Hence, increase in pressure (i.e. final pressure) $=8 \mathrm{~atm}$

Given, root mean square (rms) speed of $\mathrm{O}_2$ is $500 \mathrm{~m} / \mathrm{s}$ at a constant temperature.

Root mean square speed in given by the following expression

$ u_{\mathrm{rms}}=\sqrt{\frac{3 R T}{M w}} $

For $\mathrm{H}_2$ gas, $u_{\text {rms }\left(\mathrm{H}_2\right)}=\sqrt{\frac{3 R T}{M w_{\mathrm{H}_2}}}$

$ \left(M w \text { of } \mathrm{H}_2=2 \mathrm{~g} / \mathrm{mol}\right) $

For $\mathrm{O}_2$ gas, $u_{\text {rms }\left(\mathrm{O}_2\right)}=\sqrt{\frac{3 R T}{M w_{\mathrm{O}_2}}}$

$ \left(M w \text { of } \mathrm{O}_2=32 \mathrm{~g} / \mathrm{mol}\right) $

$ \frac{u_{\mathrm{rms}\left(\mathrm{H}_2\right)}}{u_{\mathrm{rms}\left(\mathrm{O}_2\right)}}=\sqrt{\frac{3 R T}{M w_{\mathrm{H}_2}}} \times \sqrt{\frac{M w_{\mathrm{O}_2}}{3 R T}} $

(Temperature constant, $R=8.33 \mathrm{JK}^{-1} \mathrm{~mol}^{-1}$ )

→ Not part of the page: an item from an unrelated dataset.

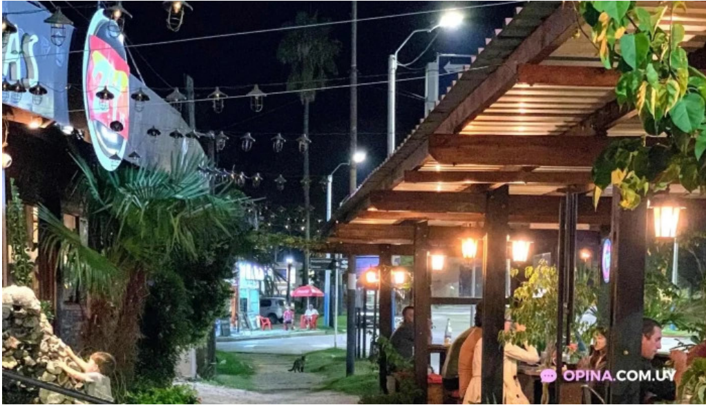
24 hs degustar todo

$ \begin{aligned} u_{\mathrm{rms}\left(\mathrm{H}_2\right)} & =\sqrt{\frac{M w_{\mathrm{O}_2}}{M w_{\mathrm{H}_2}}} \times u_{\mathrm{rms}\left(\mathrm{O}_2\right)} \\ & =\sqrt{\frac{32}{2}} \times 500=2000 \mathrm{~m} / \mathrm{s} \end{aligned} $

Average kinetic energy of $\mathrm{H}_2$ can be calculate as

$ \begin{aligned} & =\frac{1}{2} m u^2 \\ {[u=2000 \mathrm{~m} / \mathrm{s}, m=} & \mathrm{H}_2=2 \mathrm{~g} / \mathrm{mol}= 0.002 \mathrm{~kg} / \mathrm{mol}] \end{aligned} $

$ \begin{aligned} & =\frac{1}{2} \times 0.002 \times(2000)^2 \\ & =\frac{1}{2} \times \frac{2}{1000} \times 2000 \times 2000 \\ & =4000 \mathrm{~J} \mathrm{~mol}^{-1} \text { or } 4 \mathrm{~kJ} \mathrm{~mol}^{-1} \end{aligned} $

(i), (ii), (iii)

All gases are made up of a very large number of extremely small particles called molecules. All the molecules of a particular gas are identical in mass and size. The molecules are separated from one another by large space. Hence, the actual volume occupied by the molecules is negligible as compared to the total volume of the gas.

The collisions of gas particles with one another and with the walls of the container are perfectly elastic.